Le blog de Liliane Langellier. Premier blog sur l'affaire Seznec. Plus de 1.300 articles.
28 Octobre 2022
Ce qu'on cherche, on le trouve.
Sophocle
J'ai les yeux en trous de pines de coyotes (élégant reste de vocabulaire de L'Express)...
Je viens d'éplucher consciencieusement plus de trois années entières (novembre 1919/juin 1922) de petites annonces de Ouest-Eclair.
Là on peut être sûr que, ce journal-là, Guillaume Seznec le lisait.
J'ai découvert ainsi que Le Mans était une véritable plaque-tournante de revente des stocks américains.
Ouest-Eclair du 1er juillet 1921
[Une dizaine de parutions à la suite].
Ouest-Eclair du 2 janvier 1921
Ouest-Eclair du 12 février 1921
Ouest-Eclair du 20 juillet 1921
Ouest-Eclair du 20 août 1921
Ouest-Eclair du 16 septembre 1921
Ouest-Eclair du 16 janvier 1922
Ouest-Eclair du 9 février 1922
Plus particulièrement le 149 Quai Ledru-Rollin.
Mais il y avait aussi le "Spur Camp" (lire article ci-dessous).
Ouest-Eclair du 22 septembre 1921
Et d'autres encore...
Ouest-Eclair du 25 décembre 1921
Morlaix/Le Mans = 340 kilomètres.
Pas très compliqué pour notre Seznec de s'y rendre.
Le Mans et la Sarthe ont vu passer de nombreux Américains.
in Ouest-France du 20 avril 2017 :
"Le chiffre est énorme : Le Mans Area accueillit, dès l'armistice, et jusqu'à juillet 1919, près de 1 650 000 « sammies » de retour du front. La Sarthe a vu passer les trois-quarts du corps expéditionnaire américain. Car, lorsque retentit le clairon annonçant l'armistice du 11 novembre 1918, le corps expéditionnaire américain doit organiser le retour à la maison de près de 2 millions de « sammies ».
3 divisions accueillies
Des liens historiques forts existent déjà, par ailleurs, entre le département et les États-Unis. En 1818, La Fayette, libérateur de l'Amérique, avait été élu député de la Sarthe. Et c'est aussi en Sarthe que Wilbur Wright effectua le premier vol en avion.

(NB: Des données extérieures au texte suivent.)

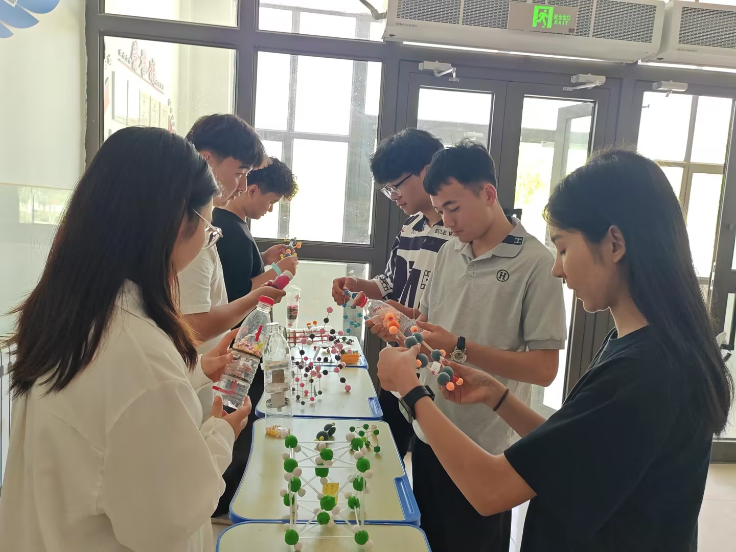 5月12日至13日,在精技楼化学工程实训中心303教室,该系专业教师指导学生们结合专业特性动手制作化工模型。油气储运技术专业的同学动手制作出一个小型加气站;化工智能制造技术专业的同学制作出现代化的小型化工厂模型;分析检验技术专业的同学利用粘土制作出不同物质的晶胞模型;应用化工技术专业的同学制作了精馏塔、吸收塔、换热器等多种化工设备模型。通过这些手工实践,让同学们对自己专业有了更深的认识,同时在展示交流环节,也加深了对其他专业的了解。
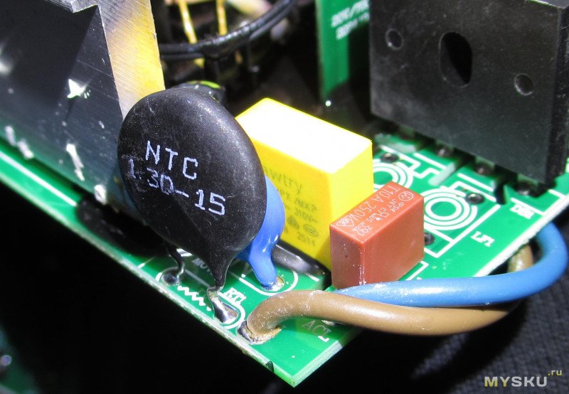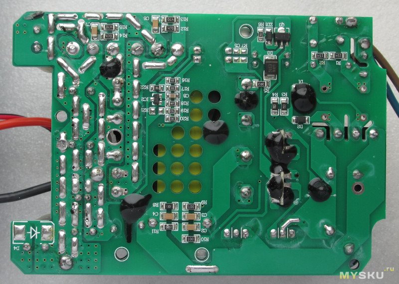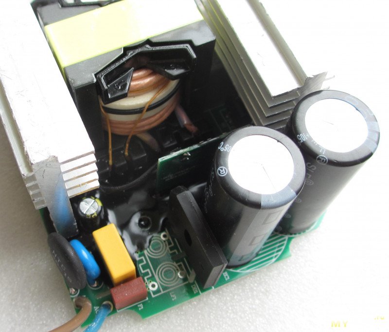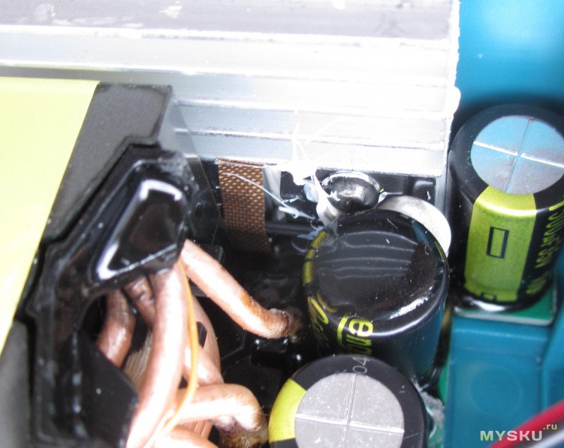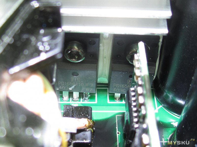 Шим-контроллер залит лаком и маркировку разобрать не получилось. Транзисторы — пара PDI65R110JF3. К диодным сборкам прикреплен термодатчик, так что подобраться к ним без демонтажа тоже не получилось.
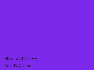 Hex #7d29eb Color is a normal violet color and the nearest color is Blue Violet #8a2be2. Hex code #7d29eb and RGB value is rgb(125,41,235). In RGB color space, this color is composed of 49% red, 16% green, 92% blue, In CMYK color space, this color is composed of 47% cyan, 83% magenta, 0% yellow , 8% black , In HSL color space, this color has a hue angle of 266° , 83% saturation and 54% lightness.
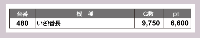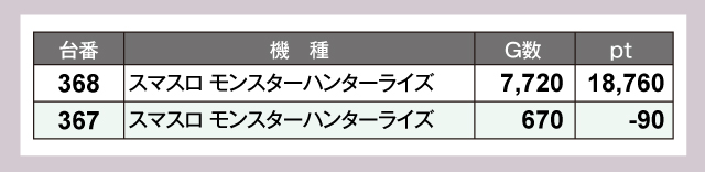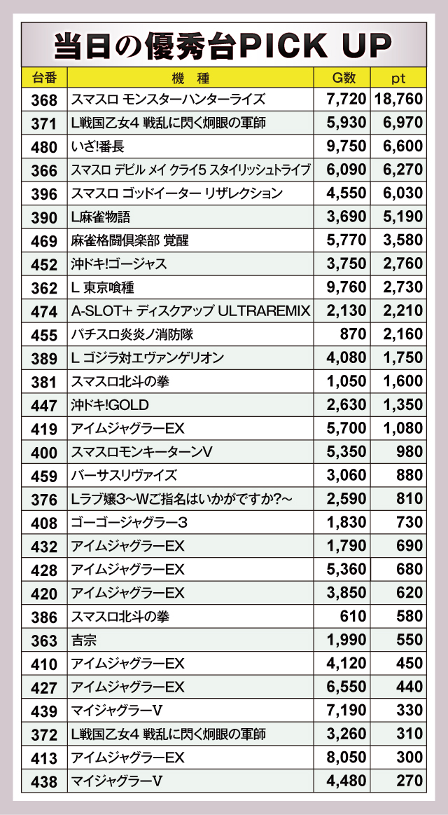 圧倒的輝きを放っていたのが『スマスロ モンスターハンターライズ』。368番台が+18,760ptと見事な成績を残している。そして『L戦国乙女4 戦乱に閃く炯眼の軍師』371番台の+6,970pt、『いざ!番長』480番台の+6,600ptを含む4台が6,000ptオーバーを達成。以下『L麻雀物語』390番台の+5,190ptなど、優秀台が多数確認できるデータとなっていた。
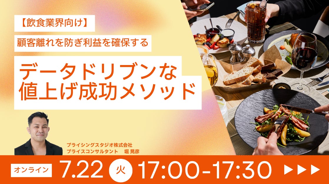 プライシングスタジオ株式会社(本社:東京都港区、代表取締役:高橋嘉尋)は、無料オンラインセミナー『【飲食業界向け】顧客離れを防ぎ利益を確保する、データドリブンな値上げ成功メソッド』を、7/22(火)17時に開催いたします。

Mais, surtout, Le Mans bénéficie d'une gare de triage moderne, construite en 1910 et 1916 : ce type de gare est encore très rare en France. Un noeud ferroviaire proche de Tours, où se trouvent les services de ravitaillement du corps expéditionnaire américain.
Dès juillet 1918, Le Mans Area devient une immense base arrière. Pour la seule ville du Mans, des camps de rapatriement sont installés à la caserne Chanzy, à Auvours et près de l'aérodrome. Ils peuvent accueillir entre 8 000 et 20 000 hommes.
Le Classification camp, près de la caserne Chanzy, alignera même, quelque temps, un camp en toile pour 60 000 hommes, dans des conditions d'hygiène déplorables. Il prendra le surnom de « mad house ».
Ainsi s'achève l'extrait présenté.